等価交換的人間関係

人間関係にまで等価交換的な思考が浸透してしまっている。金を払ってるのだから、こんなに信用しているのだから、こんなに時間を割いてるのだから、こんなに愛してるのだから、こんなに頑張ってるのだから、等価となるものを寄こせ、返せ、と。だから満たされない時に損した気分になってしまう。

全ては等価交換であるべきだ、対価と同等の満足が得られて当然だ、と考える人は多い。等価交換では成り立たないものなんて世の中にはたくさんあるのに、そう思考するから満たされずに不満ばかりが蓄積されていく。そうして欲望が増大していき、また別のもので満たそうとしてしまう。

つまり、みんな消費者的態度でしか人間関係や物事を考えられなくなってしまっている。そのスパイラルに入ると「損した」という不満を常に抱えることになってしまう。金を損した、時間を損した、手伝って損した、心配して損した、愛して損した…なんてね。それって本当に損得で考えることですか、と。

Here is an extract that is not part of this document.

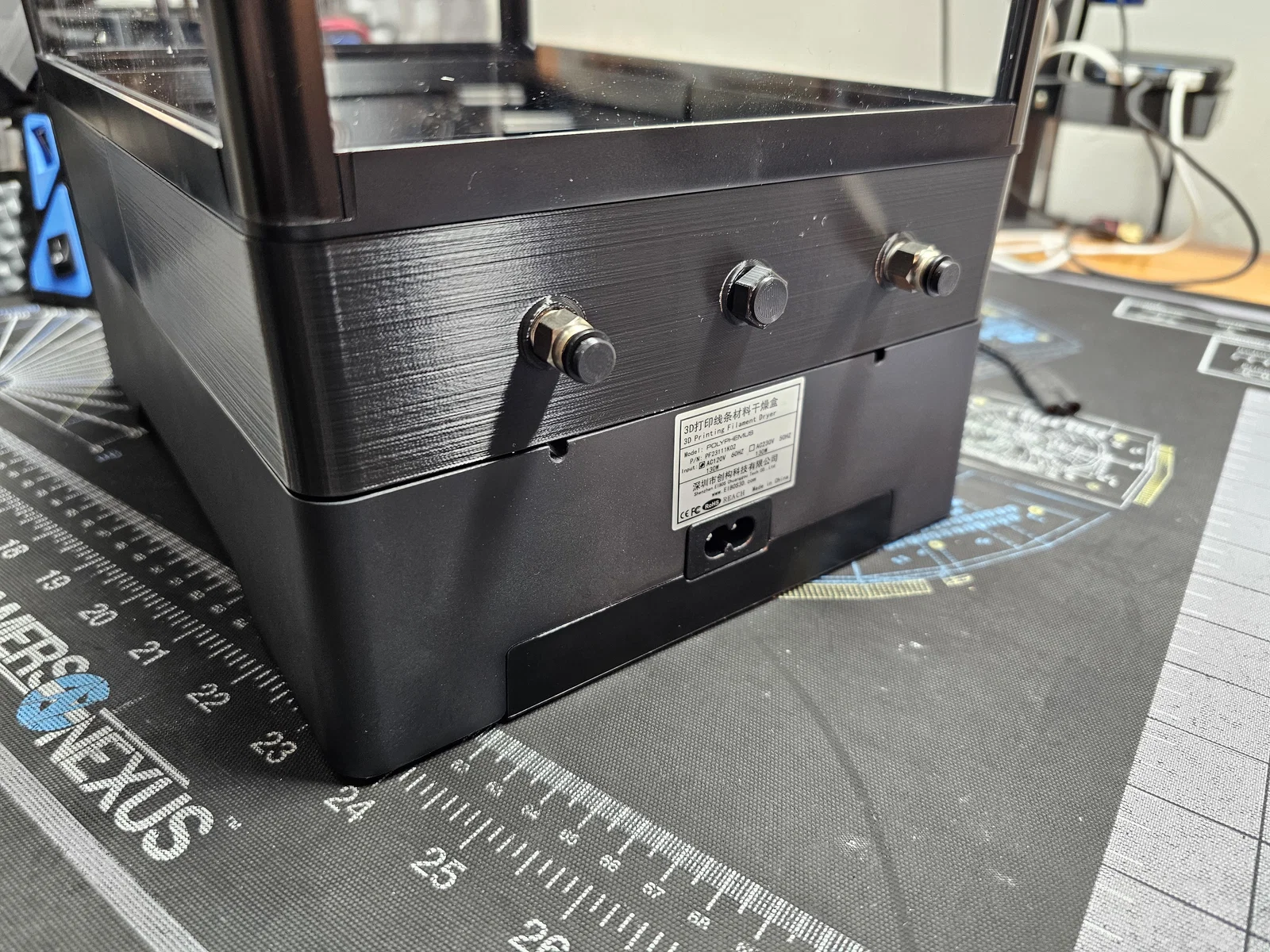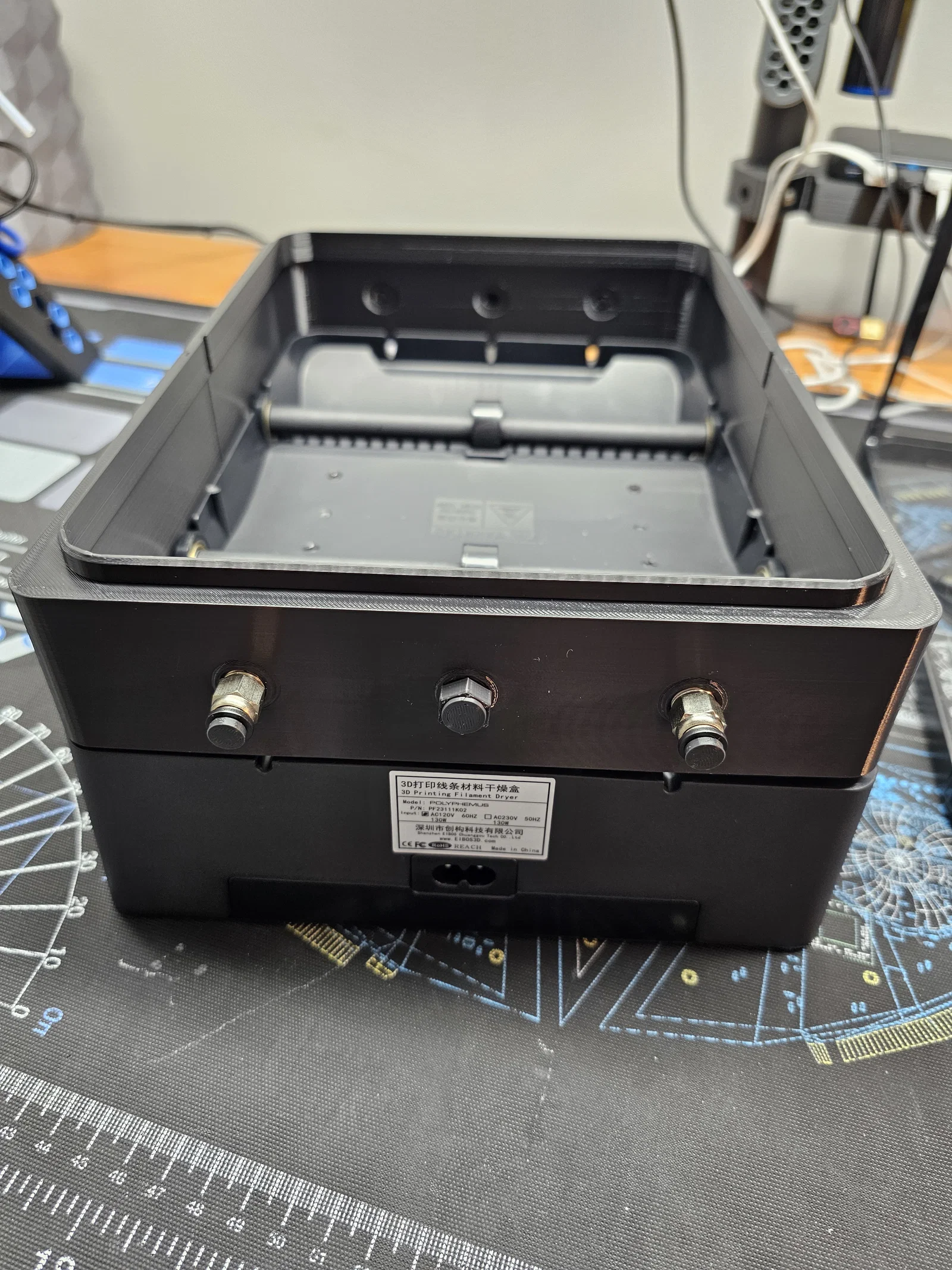 Mình làm mẫu này để tiện đổi vị trí ống PTFE đi ra thường xuyên hơn, đồng thời vẫn cho phép để được cuộn filament cao hơn trong máy sấy. Dù Polyphemus cho phép lắp ống PTFE xuyên qua phần đế thay vì đi qua nắp như Cyclopes, mình vẫn thích dùng các đầu nối khí nén cho ống PTFE hơn. Nó cũng dễ gắn nút bịt để giúp giữ nhiệt bên trong, hướng luồng khí nóng lên phía lỗ thoát ở trên nắp.

メディアなどに欲望を煽られ、消費を煽られ、それを満たそうと努力してきた結果が、今の等価交換的思考、消費者的思考に繋がっているのだと思う。だから「損をしたくない」「何かをしてもらって当然」という発想を、本当等価交換が当てはまらない人間関係や教育や医療にも求めてしまっている。

周りを見渡せばテレビでもネットでも雑誌でも「もっとモテる方法」「もっと愛される方法」「もっと綺麗になる方法」「もっと稼げる方法」「もっと楽になれる方法」なんて言葉が踊ってる。これは「現状あなたは損をしていますよ」という事を言っている。損をしたくないからみんなそれを手にしてしまう。